Kamala Harris Rallies Democrats, Pumps Up Biden and Warns of Trump

On the final day before South Carolina’s primary election officially kicks off the Democratic presidential nominating contest, Vice President Kamala Harris urged supporters not to ignore a contest that is widely expected to be uncompetitive but where she and President Biden are hoping for a morale-lifting rout.

“South Carolina, you are the first primary in the nation, and President Biden and I are counting on you,” Ms. Harris told a crowd on Friday at South Carolina State University in Orangeburg. “Are you ready to make your voices heard? Do we believe in freedom? Do we believe in democracy? Do we believe in opportunity for all, and are we ready to fight for it?”

The rally was Ms. Harris’s ninth trip to South Carolina as vice president and was already her third of the year, an indication of the importance she and Mr. Biden’s campaign have placed on a dominant performance to begin their party’s presidential nominating season.

Standing before two banners bearing the slogan “First in the Nation” — with the word “First” underlined — Ms. Harris highlighted the Biden administration’s achievements, including expanding high-speed internet access, increasing federal funding for historically Black colleges and universities, and reducing prescription drug costs.

She also warned supporters about what former President Donald J. Trump could do with another White House term.

“For years, the former president has stoked the fires of hate and bigotry and racism and xenophobia for his own power and political gain,” she said. “The former president has told us who he is, and it is on us, then, to recognize the profound threat he poses to our democracy and to our freedoms.”

The Biden campaign has in recent weeks mounted an intensive campaign to generate support in the Democratic primary race in South Carolina. The campaign’s surrogates have hit the state’s rural counties, an effort that campaign officials and local allies hope will result in strong turnout on Saturday that they can use as an argument that Mr. Biden remains popular with the party’s base.

“For far too long, we’ve been relegated to the back of the bus,” Jaime Harrison, the chairman of the Democratic National Committee and a South Carolinian himself, told the crowd at Ms. Harris’s event. “Now we’re driving the damn bus. I want you to understand what your power is.”

The Biden campaign hired a cadre of senior advisers in the state — which is reliably Republican and not expected to be a general-election battleground — before it did so in Arizona and Pennsylvania, which are certain to be hotly contested through the fall.
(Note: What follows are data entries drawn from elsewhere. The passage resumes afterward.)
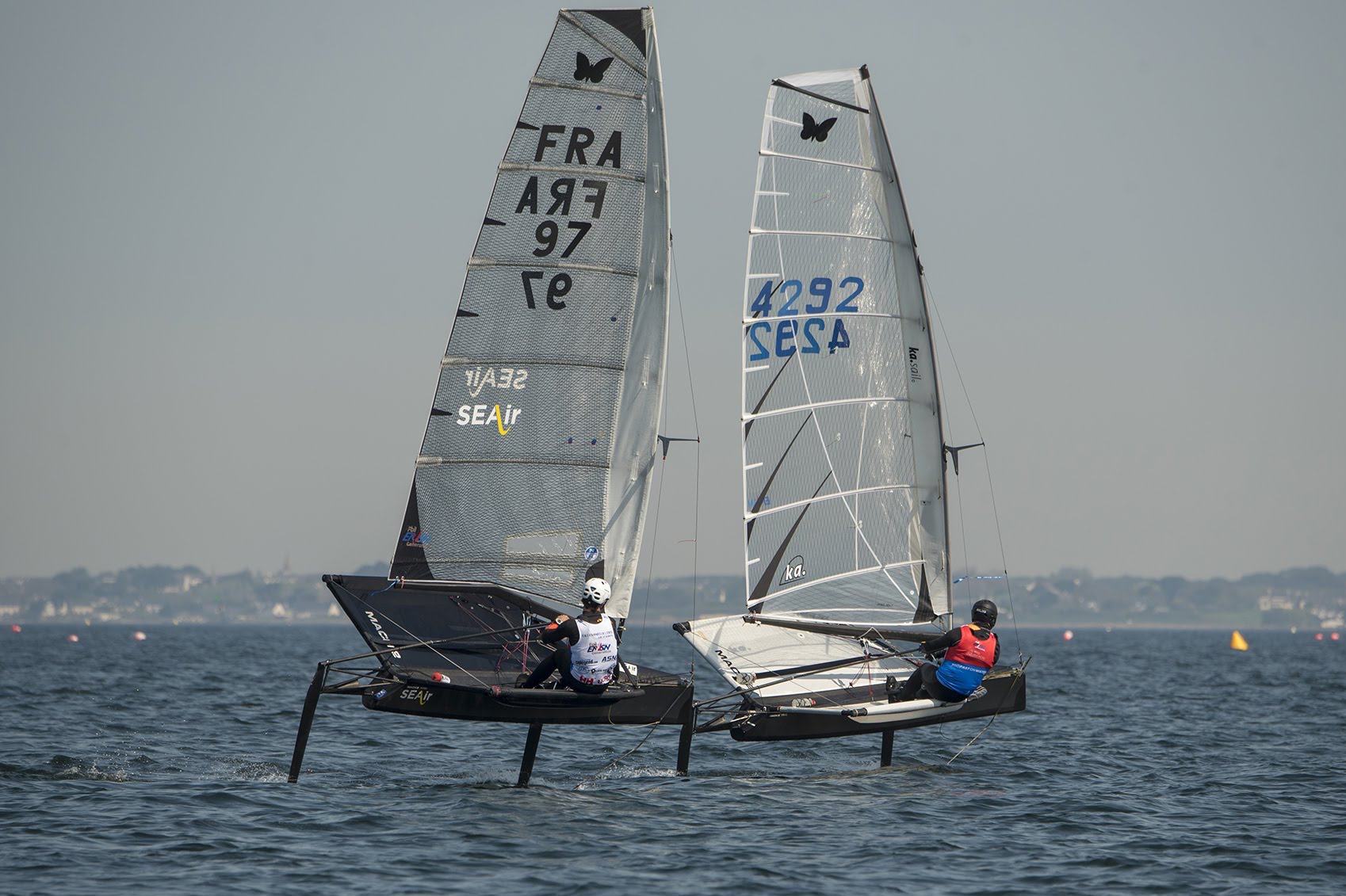 Les conditions ont été idéales pour les essais mais également pour le National Moth qui a lancé quatre manches. Hugo Feydit, Fernando Lodos et Mateo Lavauzelle constituent le podium provisoire. Ravis de leur journée, les coureurs sur leurs engins volants ont croisé les windfoilers et les kitefoilers sur le plan d’eau. Les Championnats de Bretagne se sont déroulés à merveille avec sans surprise la première place d’Alexandre Cousin en windfoil, devant William Huppert et Kevin Festocq après deux manches. Les kitefoils ont tiré le maximum de la météo, Kieran le Borgne prend la tête devant Malo Quernec et Tino Deshoux après une belle série de six manches de haut vol.
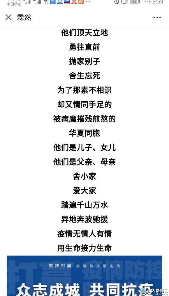 周然林通过微信朋友圈、个人微信公众号等平台,创作多首歌颂战疫英雄、祈盼疫情结束的诗歌,表达了他对前线医护人员的感恩与敬仰。作为一名法学生,他还向周围的村民宣传疫情相关法律知识,告知他们不造谣、不传谣、不串门,积极配合体温检测等工作。
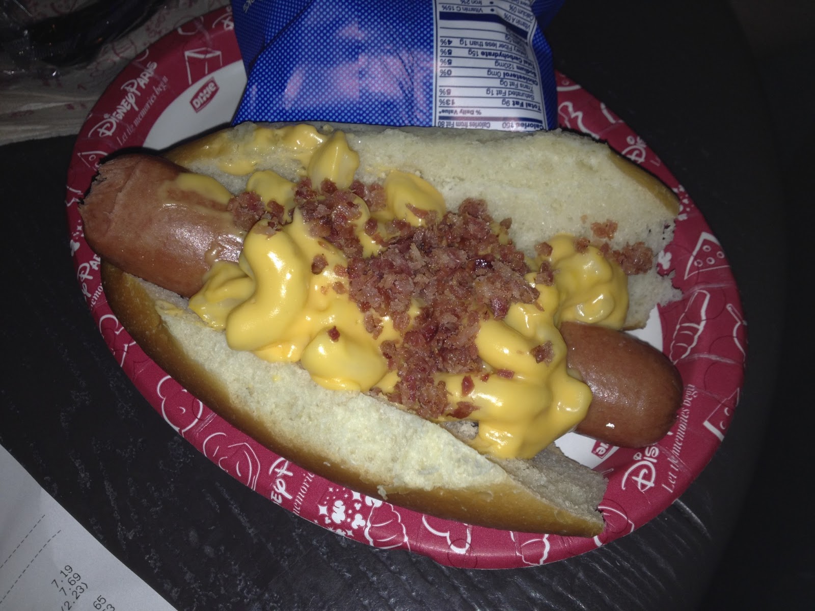 I think the Fantasmic Party started around 8pm. A few attractions were open in Adventureland and Frontierland, so even though it was a small crowd, those lands were still packed and there were long lines for everything, including the special bacon mac n’ cheese hot dogs that I just HAD to try:
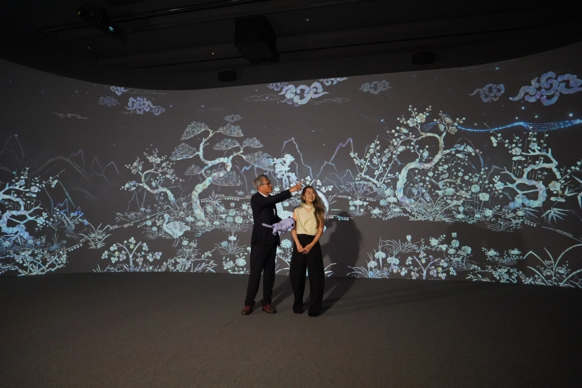 유홍준(왼쪽) 국립중앙박물관 관장이 영화 ‘케이팝 데몬 헌터스’ 매기 강 감독과 지난해 서울 용산구 국립중앙박물관의 디지털 실감영상관을 관람하는 모습.
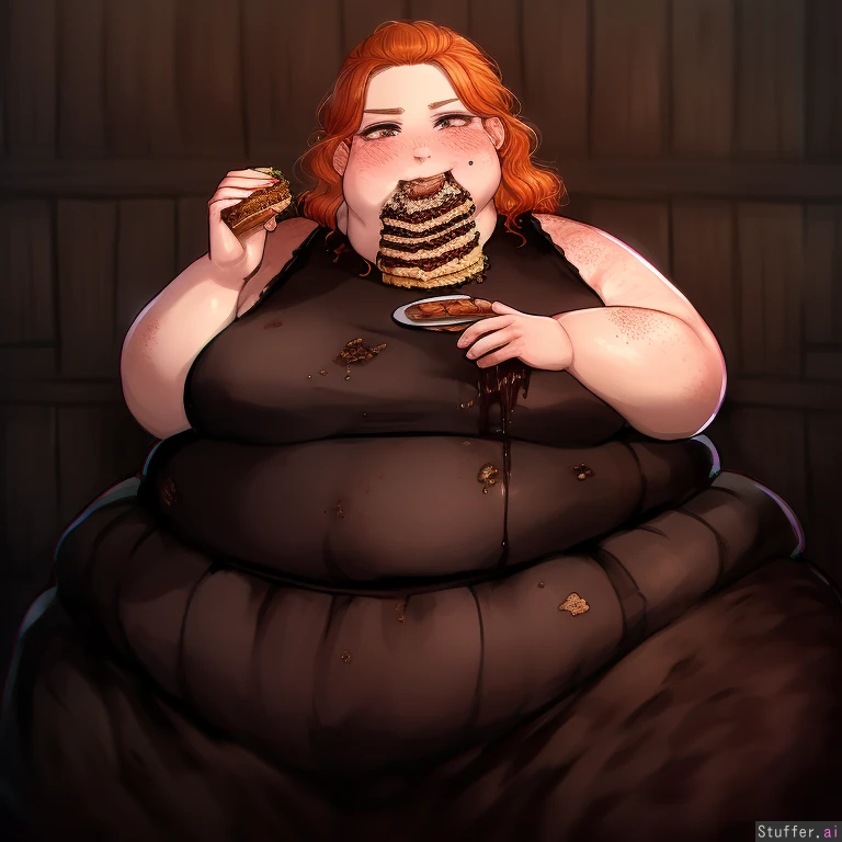 best quality, high rating, (detailed realistic++ masterpiece), 8k, c.cu-, blushspicy-, 1girl, medieval, (short young dirty poor beggar fat obese girl), (fat-- young face), (flat small+ flat small flat covered chest):1.1, (dirty poor old damaged ragged coarse medival beggar dress), (messy wild unwashed hair), (brown unwashed ginger hair), (freckled skin), (crazy ravenous expression), desserts, (morbidly obese):1.15, (soft fat)--, (fat-legs-), wide hips, (messy gluttony eating), (putting food in mouth)

Mr. Biden’s campaign spent more than $172,000 on television advertising in South Carolina, according to AdImpact, a media tracking firm. A supportive super PAC, Unite the Country, invested another $63,000.

Before the rally, Ms. Harris met with a group of local faith leaders at a gathering that was closed to the news media. The Rev. Nelson B. Rivers III, a pastor from North Charleston, S.C., who led the session, said Ms. Harris had faced questions about health care, student debt and gun violence.

“A lot of the questions were about the environment in America today, the social environment,” Mr. Rivers said. “She didn’t duck any questions. She answered them all straightforward.”